パワーを必要としない作業が多いため、最大トルクが小さくても問題ないでしょう。
元ホームセンターバイヤーおすすめの一品
マキタ ペンインパクトドライバー TD022SHX



| 製品名 | ペンインパクトドライバー |
| 型番 | TD022SHX |
| ボルト数 | 7.2V |
| 定価 | 25,000円 |
| 税込価格 (定価×65%+税) | 17,800円 |
| 最大トルク | 25N・m |
| 重量 (バッテリー装着時) | 0.55kg |
| 付属品 | 7.2VリチウムイオンバッテリーBL0715(1.5Ah) × 2個 急速充電器DC07SB (7.2V対応) (フル充電:約30分) プラスビット +2×45mm アルミケース |
ペンインパクトドライバーTD022SHXは、軽量コンパクトでちょっとしたネジの固定に最適なマキタの人気製品になります。
腰回りが重くなりがちな、板金工や電気工事士に人気が高い一方で、他の業種でもメインの製品とは別にサブ機種として、使用される方が多いです。
パワーがそこまで強くないというデメリットはありますが、狭い場所での作業、天井向きや無理な態勢を強いられる場所での作業では、最大限効果を発揮します。

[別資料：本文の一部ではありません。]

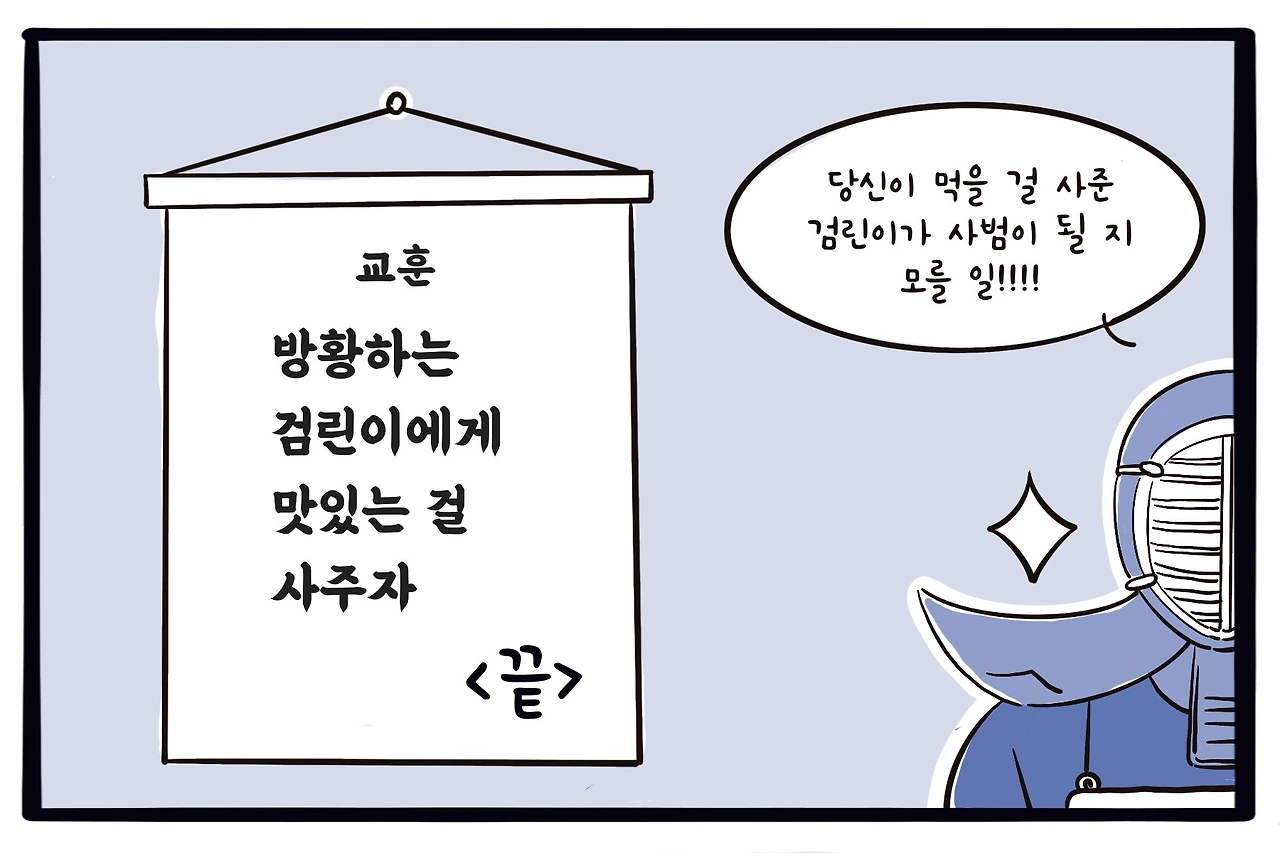 부드러운 하체 동작, 칼을 휘두르는 상체의 움직임, 죽도를 쥔 손의 조작, 상대의 공격을 읽는 눈, 공격의 적기를 파악하고 몸을 던지는 타이밍 등등. “악마는 디테일에 있다”더니 취미생활마저 디테일 없이는 쉬이 즐겁지 않다. 그래도 각각의 기초가 몸에 익은 상태에서 시원하게 성공하는 한방. 그 순간을 제대로 경험했다면 죽도를 쉬이 놓기 어렵다. 이렇게 길게 말해보지만 사실 “누군가를 친다는 것은 그냥 기분이 좋아요"라고 한 외국 펜싱선수의 말이 전부일 지 모른다. 인간의 본성이 꼭 선한 것에만 즐거움을 느끼는 건 아니니까.

ペンインパクトドライバーは、製品自体を真っすぐにしたり、折り曲げたり、形の調整ができるので、楽な態勢でネジを打ち込むことができます。
一流メーカーマキタの最新商品が知りたい方はコチラ



まとめ:インパクトドライバーの練習を始めましょう



本記事では、インパクトドライバーの使い方について解説しました。
ネジ打ちの際のポイントは以下になります。
・ネジとインパクトドライバーのヘッドを一直線にすること
・ネジが入るまで少しずつ打ち込むこと
・ネジを打ち込むときは、体重をかけること
インパクトドライバーはできることが多く、作業現場でも頻繁に使用する電動工具です。
インパクトドライバーを極めれば、現場で頼りにされること間違いなしです。
ぜひ、本記事を参考にして、練習していただければと思います。